What you need to do
Among the lines of data below, reproduce only those from the one with "Hello Prima, elle" through the one with "2019年我校学生获得第一届", exactly as they stand, both ends included.

Task inputs
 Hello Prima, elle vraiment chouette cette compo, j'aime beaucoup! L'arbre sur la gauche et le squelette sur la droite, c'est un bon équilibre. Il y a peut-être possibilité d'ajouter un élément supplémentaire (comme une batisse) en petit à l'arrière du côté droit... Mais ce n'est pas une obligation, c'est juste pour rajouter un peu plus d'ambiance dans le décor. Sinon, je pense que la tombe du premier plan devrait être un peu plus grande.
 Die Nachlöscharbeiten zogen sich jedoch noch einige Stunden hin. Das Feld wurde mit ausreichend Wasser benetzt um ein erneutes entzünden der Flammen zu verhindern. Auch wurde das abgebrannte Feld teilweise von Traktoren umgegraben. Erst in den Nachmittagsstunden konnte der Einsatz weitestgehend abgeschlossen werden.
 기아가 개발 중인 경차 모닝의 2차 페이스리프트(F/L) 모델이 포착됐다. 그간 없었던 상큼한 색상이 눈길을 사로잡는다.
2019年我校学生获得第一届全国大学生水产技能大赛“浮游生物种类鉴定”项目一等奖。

==

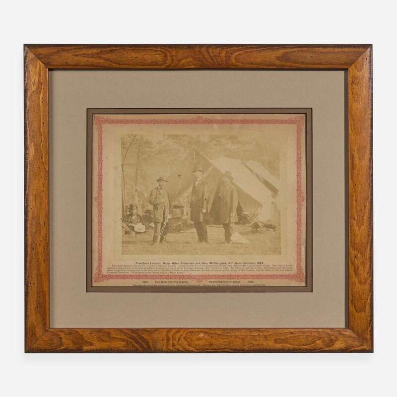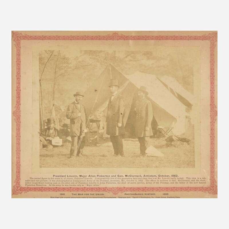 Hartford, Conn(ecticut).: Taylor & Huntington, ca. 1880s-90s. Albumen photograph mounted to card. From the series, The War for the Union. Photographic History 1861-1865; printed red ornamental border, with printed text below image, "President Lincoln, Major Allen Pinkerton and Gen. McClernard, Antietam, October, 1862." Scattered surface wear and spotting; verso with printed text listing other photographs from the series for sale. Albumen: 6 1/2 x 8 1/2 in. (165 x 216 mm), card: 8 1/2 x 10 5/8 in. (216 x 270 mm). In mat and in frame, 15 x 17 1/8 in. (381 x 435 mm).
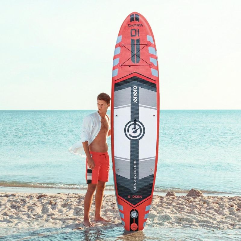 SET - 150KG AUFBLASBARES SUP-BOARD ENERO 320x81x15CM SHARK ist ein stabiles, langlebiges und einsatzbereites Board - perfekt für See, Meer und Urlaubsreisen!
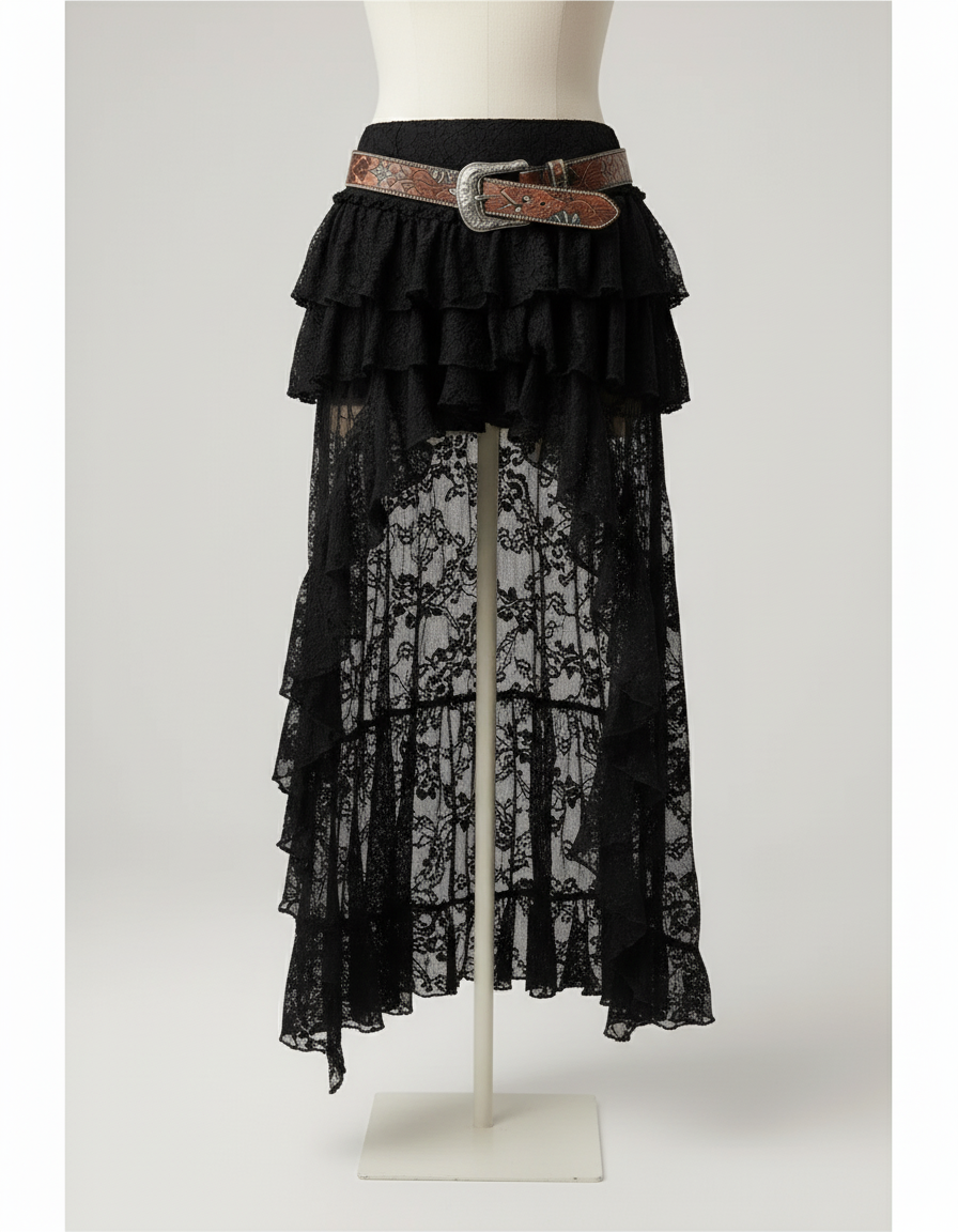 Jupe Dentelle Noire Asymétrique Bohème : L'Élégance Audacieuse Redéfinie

---

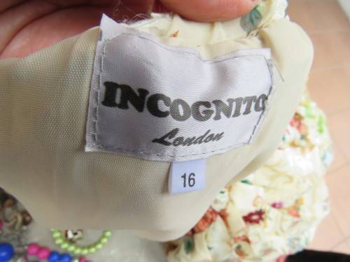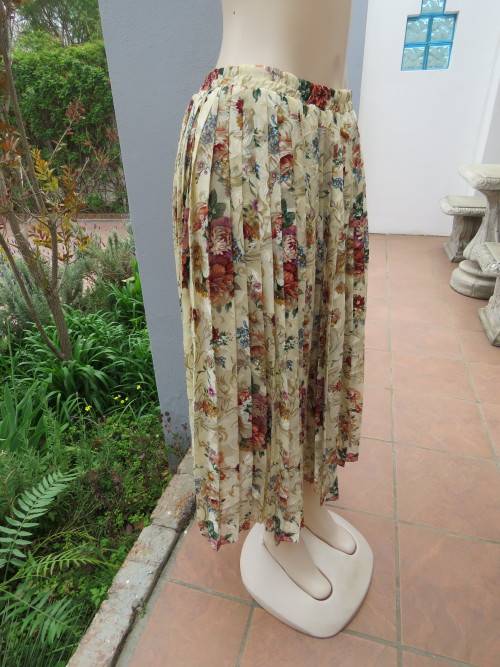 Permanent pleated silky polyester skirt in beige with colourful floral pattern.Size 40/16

Problem solution
 Hello Prima, elle vraiment chouette cette compo, j'aime beaucoup! L'arbre sur la gauche et le squelette sur la droite, c'est un bon équilibre. Il y a peut-être possibilité d'ajouter un élément supplémentaire (comme une batisse) en petit à l'arrière du côté droit... Mais ce n'est pas une obligation, c'est juste pour rajouter un peu plus d'ambiance dans le décor. Sinon, je pense que la tombe du premier plan devrait être un peu plus grande.
 Die Nachlöscharbeiten zogen sich jedoch noch einige Stunden hin. Das Feld wurde mit ausreichend Wasser benetzt um ein erneutes entzünden der Flammen zu verhindern. Auch wurde das abgebrannte Feld teilweise von Traktoren umgegraben. Erst in den Nachmittagsstunden konnte der Einsatz weitestgehend abgeschlossen werden.
 기아가 개발 중인 경차 모닝의 2차 페이스리프트(F/L) 모델이 포착됐다. 그간 없었던 상큼한 색상이 눈길을 사로잡는다.
2019年我校学生获得第一届全国大学生水产技能大赛“浮游生物种类鉴定”项目一等奖。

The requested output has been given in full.